- Born: Chipping, Lancashire, England
- Education: Jesus College, Oxford Clare College, Cambridge
- Known for: Discovery of Baryon Acoustic Oscillations, Semi-analytical Models in Galaxy Formation
- Awards: Shaw Prize (2014)
- Scientific career
- Fields: Cosmology, Galaxy formation, Galactic Astronomy
- Workplaces: University of California Berkeley Durham University
- Doctoral advisor: George Efstathiou and Nick Kaiser
- Website: star-www.dur.ac.uk/~cole

= Shaun Cole =

British cosmologist and academic

Shaun Malcolm Cole (born 19 November 1963) is a British cosmologist.
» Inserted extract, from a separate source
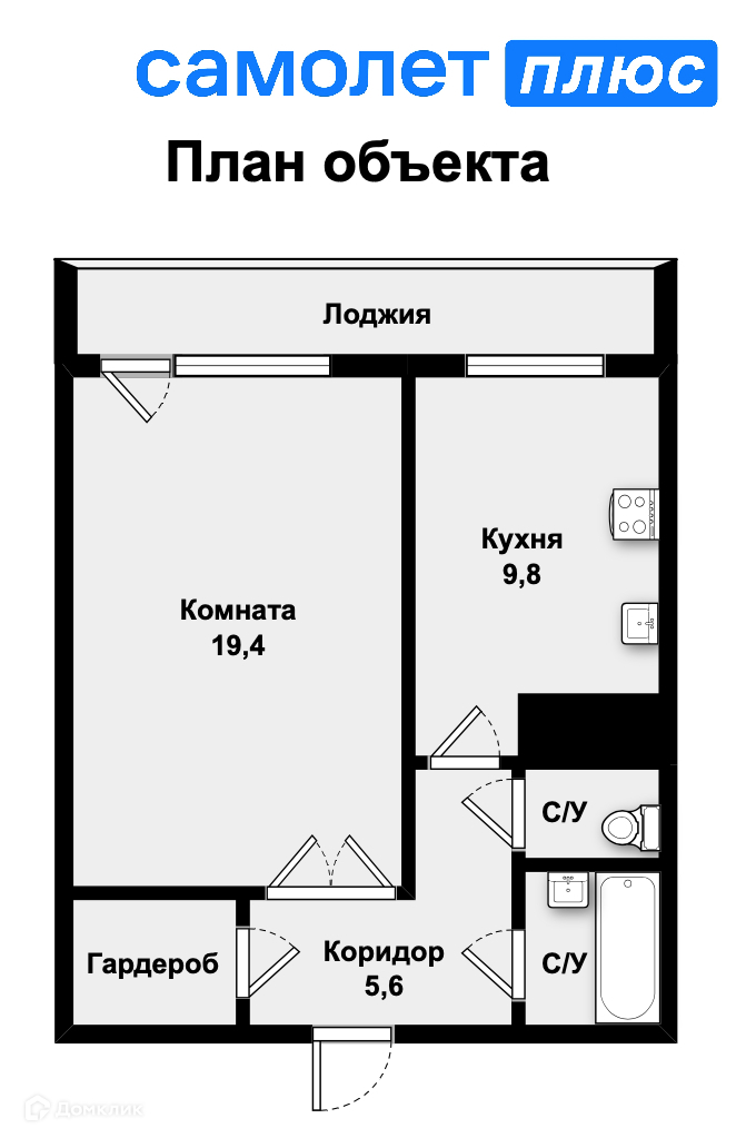 Жилая площадь 19.4 м2
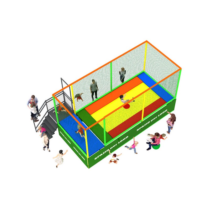 Trampolini "PRO" 1 tappeto con passerella laterale. I tappeti elastici professionali PLAY CASORIA sono sicuri e divertenti. Progettati e realizzati secondo le norme in materia, vengono fabbricati utilizzando solo materiali di prima qualità. Ideali per parchi gioco, centri commerciali, cinema, bar, ristoranti, pizzerie e spazi bimbi. DIVISORI ESCLUSI

Cole grew up in Chipping, Lancashire. He graduated from Jesus College, Oxford with a first-class degree in Physics in 1985, and subsequently completed Part III of the Mathematical Tripos at the University of Cambridge. His performance in Part III was strong enough to earn a studentship for a PhD at the Cambridge Institute of Astronomy.

Cole has been Professor of Physics at Durham University since 2005 and was the director of the Institute for Computational Cosmology (2020-2025). He was joint-winner of the 2014 Shaw Prize with Daniel Eisenstein and John A. Peacock.